Julia staggered back and sank onto the edge of the bed. The punch had finally come, knocking her down. It felt like everything within her had stopped working—her legs, her brain, her heart.
“You stormed in here determined to be mad at me,” she said. The tears were streaming down her face, but she wasn’t crying. Her voice was remarkably calm. “Congratulations. Now you’ll never be left, since you get to leave first. I hope you have a nice life, Blake. I hope you have fun traveling.”
She said the last word with as much venom as she could muster, trying not to hiccup through her tears.
Blake grabbed the last of his clothes and zipped up his bag, heaving it onto his back. “You’d never ask—not for real. You didn’t ask me to Rio. You didn’t bring up anything about Chicago earlier. Of course you wouldn’t ask without me first paving the way.”
“How dare you—” Now she really was crying, but her hands were balled into fists and she was too angry to wipe her cheeks. “How dare you pretend your leaving is my fault.”
“I’m just speaking the truth.
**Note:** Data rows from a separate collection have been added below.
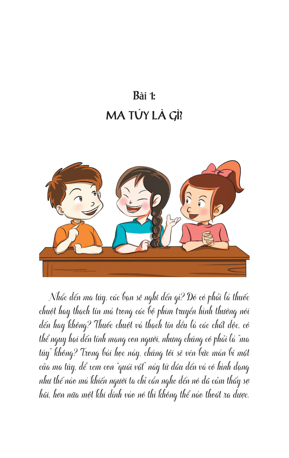Giáo dục phòng chống chất gây nghiện trong trường học, đó là mắc xích quan trọng mang tính chất quyết định trong công cuộc phòng chống chất gây nghiện. Việc giáo dục này đòi hỏi phải dựa vào đặc điểm tâm sinh lý, hành vi, khả năng nhận thức của học sinh ở những lứa tuổi khác nhau của thanh thiếu niên. Cẩm nang phòng chống chất gây nghiện học đường cho học sinh trung học phổ thông thông qua việc phổ cập kiến thức liên quan đến phòng chống chất gây nghiện như nhận thức đúng về chất gây nghiện, tác hại của chất gây nghiện, mối liên quan giữa lối sống và hành vi, các kiến thức pháp luật liên quan đến phòng chống chất gây nghiện cũng như các biện pháp hữu hiệu để ngăn ngừa chất gây nghiện, nâng cao kỹ năng phòng chống chất gây nghiện cho học sinh, giúp các em học sinh nâng cao nhận thức về nguy hại của chất gây nghiện, từ đó tránh xa chất gây nghiện, tham gia tích cực hoạt động phòng chống chất gây nghiện…
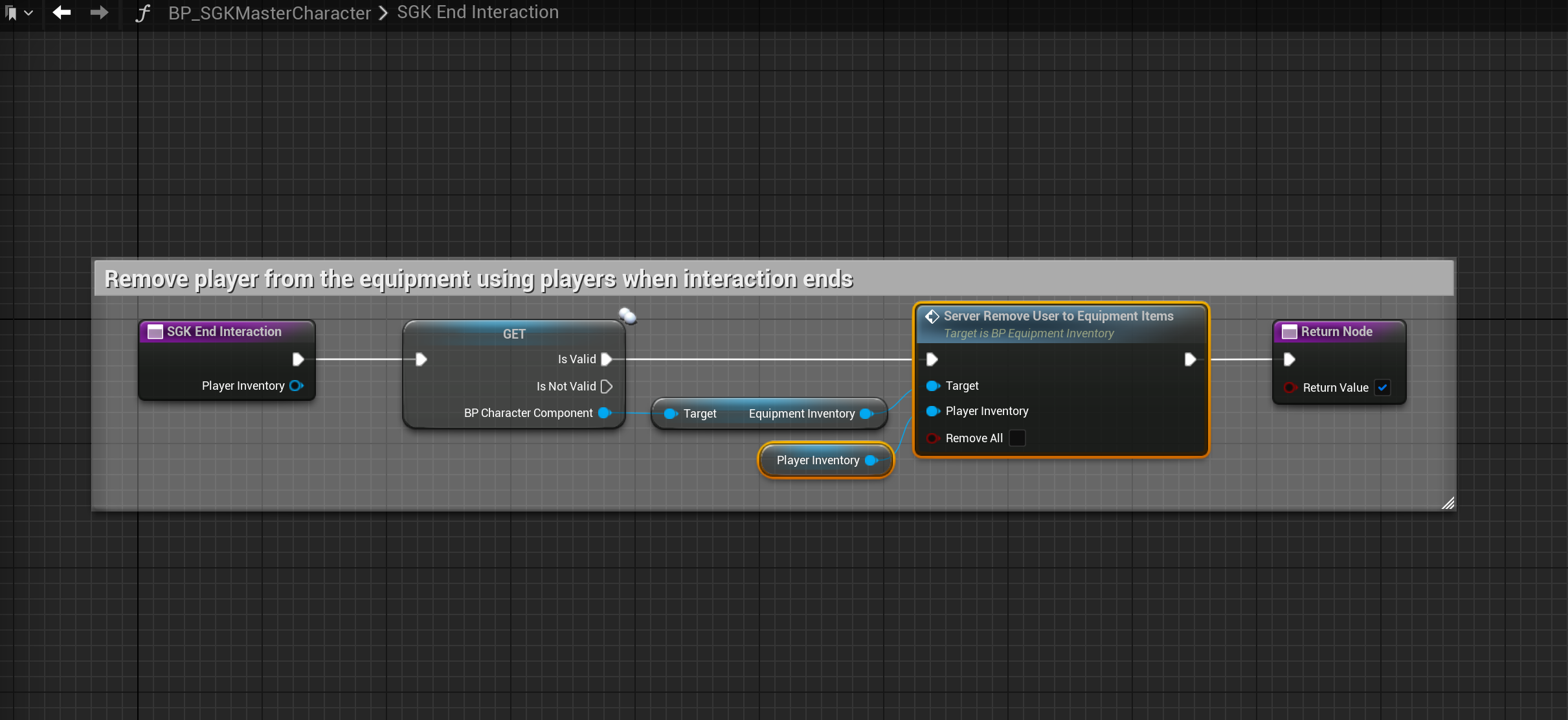 SGK V2 – Fixed incorrect node in character End Interact Go to the BP_SGKMasterCharacter then open the SGK End Interaction Interface function and copy the image below.
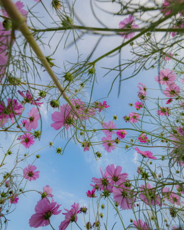 ちなみに広角レンズを使って、真下から仰ぐように撮影をすると、コスモスと青空を写すことができます。
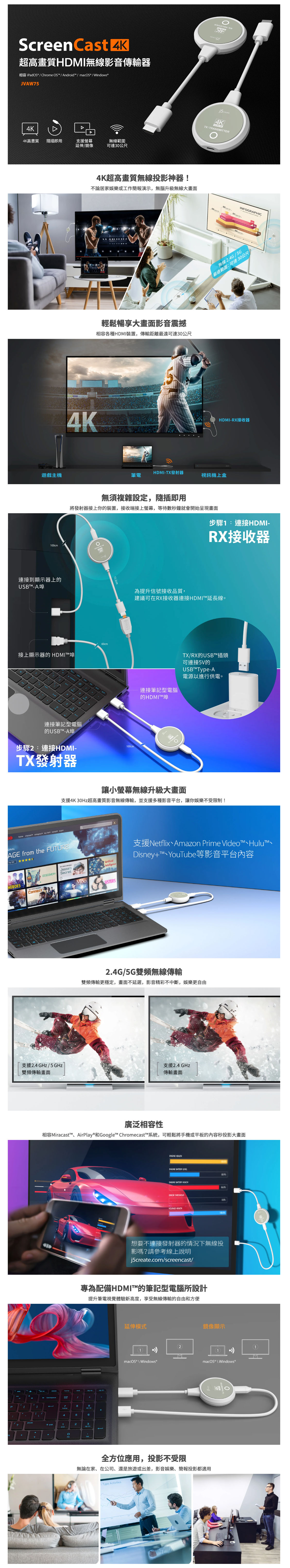 JVAW75無線影音傳輸器,是一款容易使用的4K超高畫質無線投影解決方案,

You’ve got this vault, and sometimes I think I’ve gotten through but then your guard is right back up again, telling me you’re a good friend like you’re not upset. Pretending that everything’s fine.”
Careful. She’d tried to be so careful. Until, before she knew what was happening, it was too late.
“Leave,” she whispered, everything watery through her eyes. When he didn’t move, she said it again, stronger this time. “Leave.” She didn’t have to take this from him.